I will give an overview of recent research in this vein, focusing on work from my lab. Specifically, I will present cross-linguistic computational studies and behavioral experiments that jointly suggest i) that there are universal biases affecting word order preferences, ii) that these biases originate in language processing, iii) that the biases are strong enough to cause learners to produce different outputs from the inputs they receive, and iv) that the effect of this cause can be observed cross-linguistically. Crucially, these biases do not predict absolute universals, but rather gradient relational patterns. The framework I present can capture both diversity and commonalities across languages, while making predictions about what types of languages one should be unlikely to observe.

With this work in mind, I hope to stimulate discussion of how it can be extended, corrected, improved, etc.


Alison Wray: "Can Linguists Predict who will get Alzheimer's Disease?"

What scope is there for linguists to assist in establishing the likelihood of someone developing Alzheimer's later in life? What would we look for? How could patterns of language be appropriately and reliably measured? If we found indicative patterns, what would we interpret them to signify? What would the ethical issues be of categorising people as at higher or lower risk of Alzheimer's many years before symptoms appeared?

We know quite a lot about the changes in language that occur in different types of dementia, including Alzheimer's. We know that some words are harder to retrieve than others – for example, one study found that natural objects were harder to name than manufactured ones; another found that verbs of cognition were more difficult to understand than verbs of motion. Research also found that people who later developed Alzheimer's already had certain patterns in their language in early adulthood that were different from those of people who didn't develop it. What does all this mean? What insights can linguistic theory give us about what exactly is being affected, when, and why?

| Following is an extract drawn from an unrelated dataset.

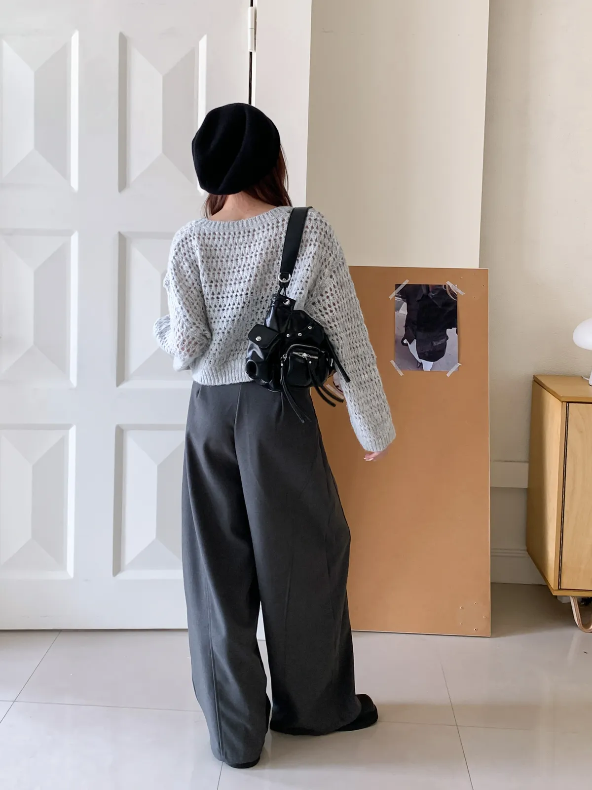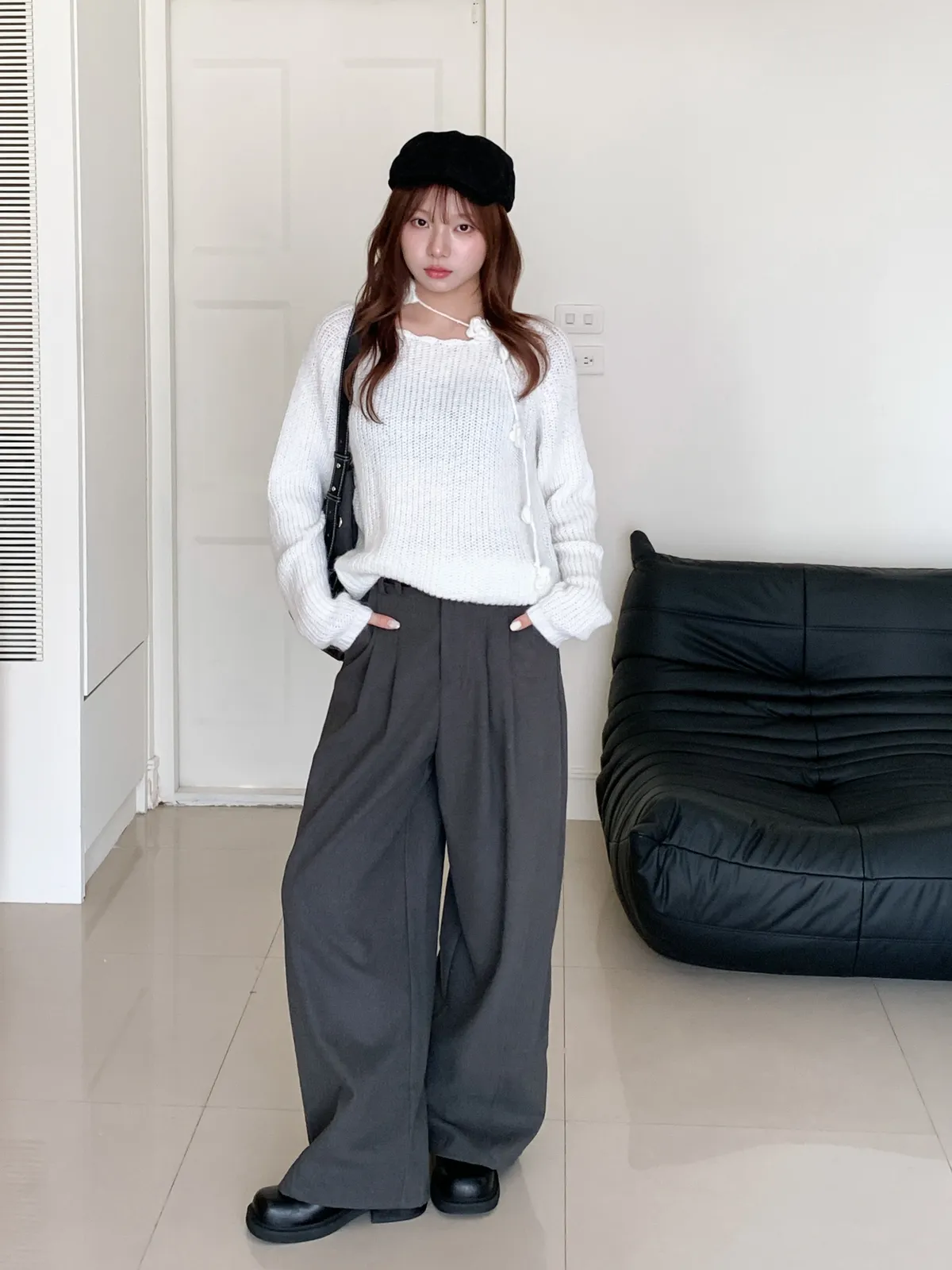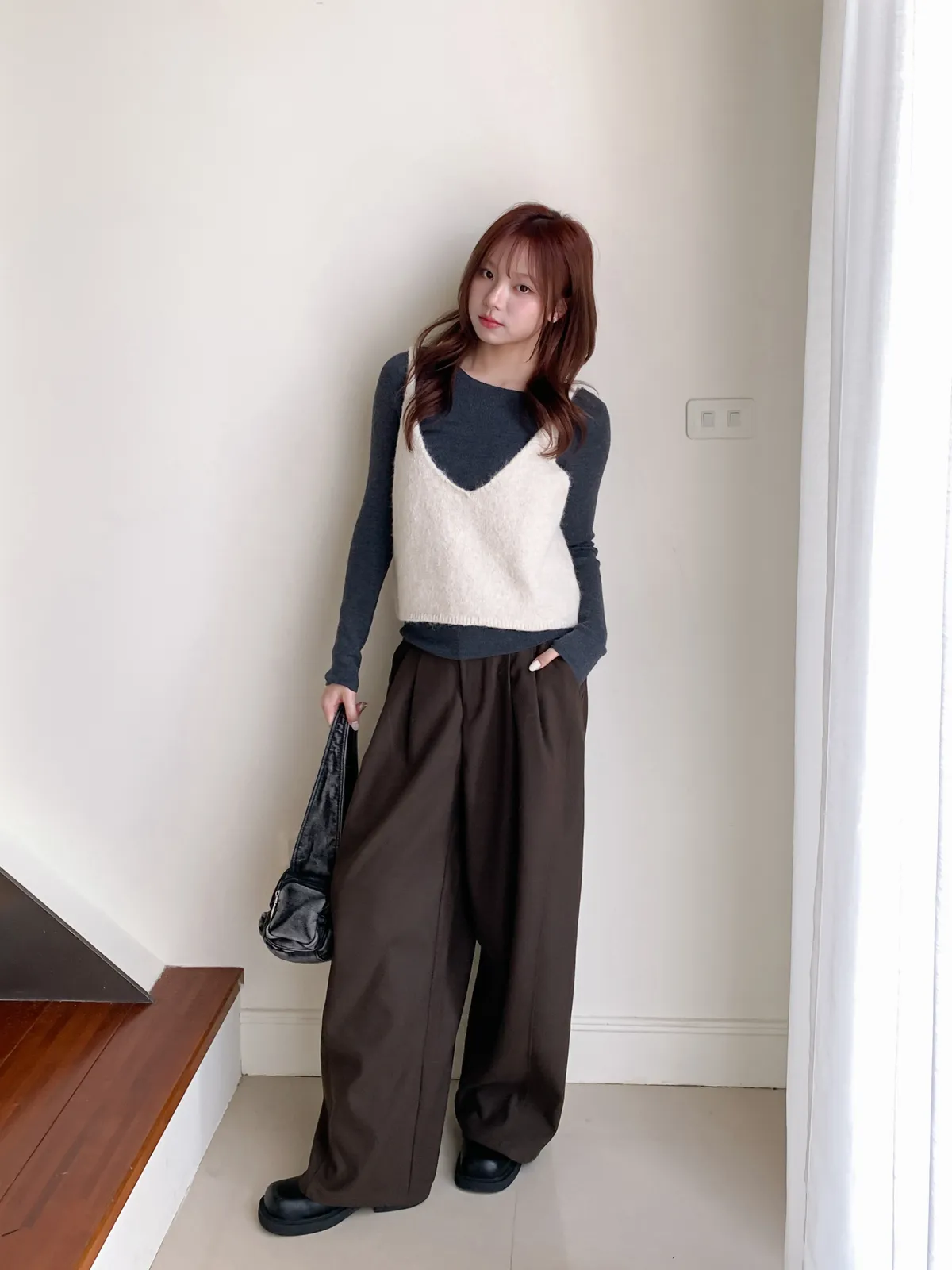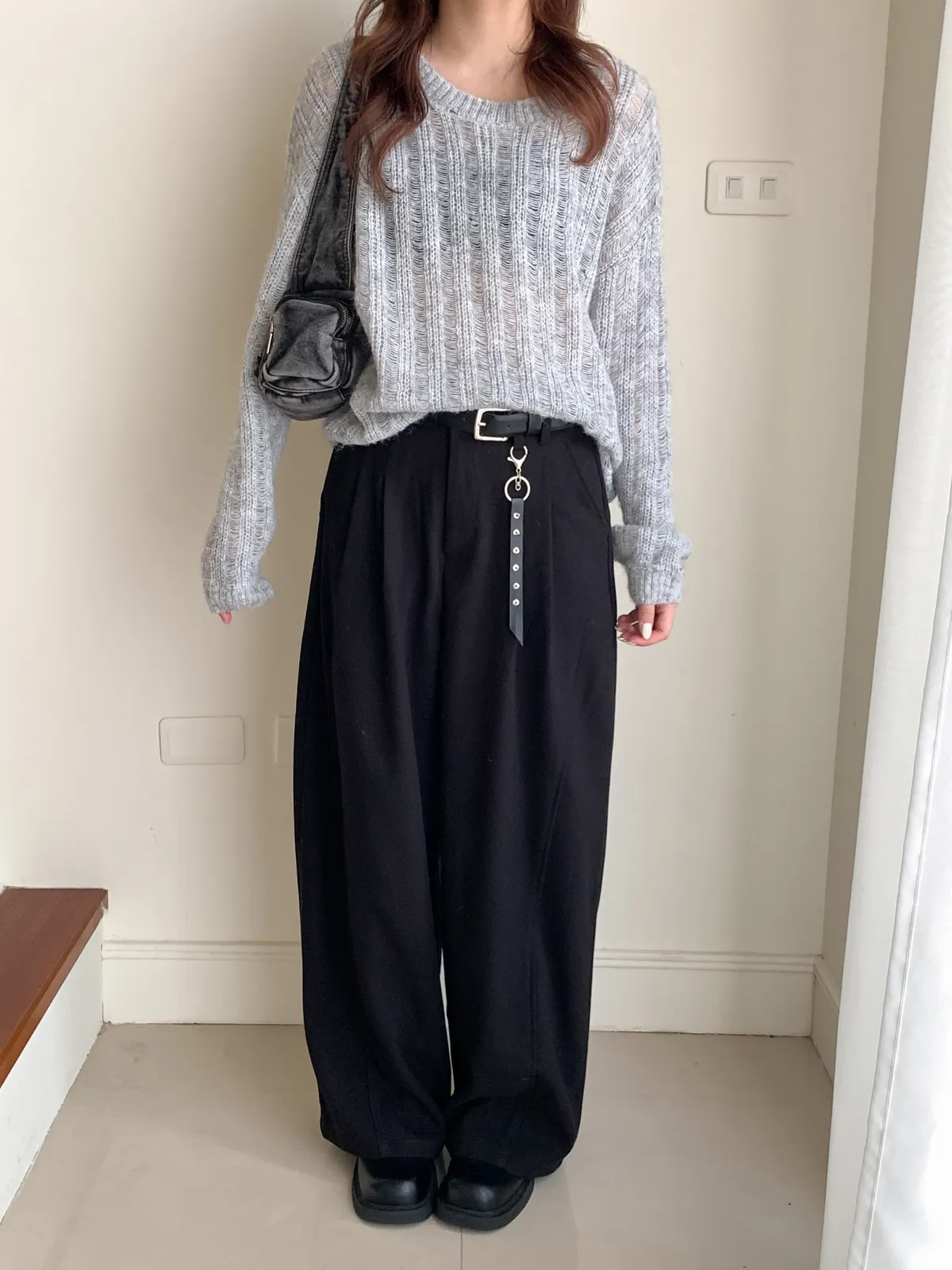 秋天氛圍/毛呢打褶直筒寬褲(附皮帶)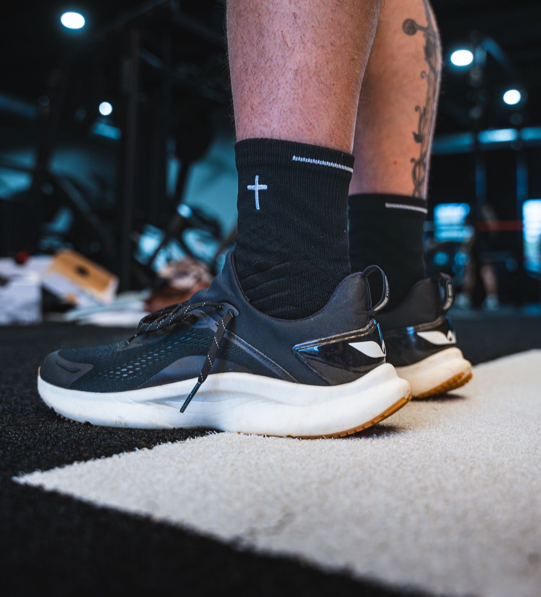 The Black Cross Sock is a high-performance sock designed for the active individual. Crafted with an embroidered cross on the ankle.

There are many tantalising observations, but in fact, we don't always even know whether a linguistic pattern is part of the problem or part of the solution. Take formulaic language, for instance. Should we construe the use of vague fillers like 'something' and 'those people' as indicative of not knowing more information about the referents, or as an attempt to rescue a potential gap in the output arising from naming difficulties? When is the repetition of questions and statements a sign of having forgotten what was said previously, and when is it a success, in enabling the person to say something, when novel output is difficult to generate?

In this talk, we will get up close to some of the measures that are used in capturing patterns in Alzheimer's talk, and examine them with a linguist's eye. A primary focus will be two current studies that I am conducting with colleagues, to profile of the language of people at greater or lesser genetic risk of future Alzheimer's. I'll reflect on the potential social risks of over-interpreting observations, and consider what linguistic patterns might really tell us about variation in the population.


Rens Bod: "Hierarchical versus Sequential Processing in Language: Towards a Linguistics without Structure?"

It is generally assumed that hierarchical phrase structure plays a central role in human language. However, recent computational and behavioral studies show that sequential sentence structure has considerable explanatory power and that hierarchical processing is often not involved. In this talk, which is partly based on joint work with Stefan Frank and Morten Christiansen, I review evidence supporting the hypothesis that sequential structure may be fundamental to language acquisition and use. I also outline a non-hierarchical model of language use, based on ideas from the Data-Oriented Parsing approach, and discuss its implications and predictions in modelling language acquisition and comprehension. Hierarchical structure needs only be invoked in cases where simpler explanations, based on sequential structure, do not suffice.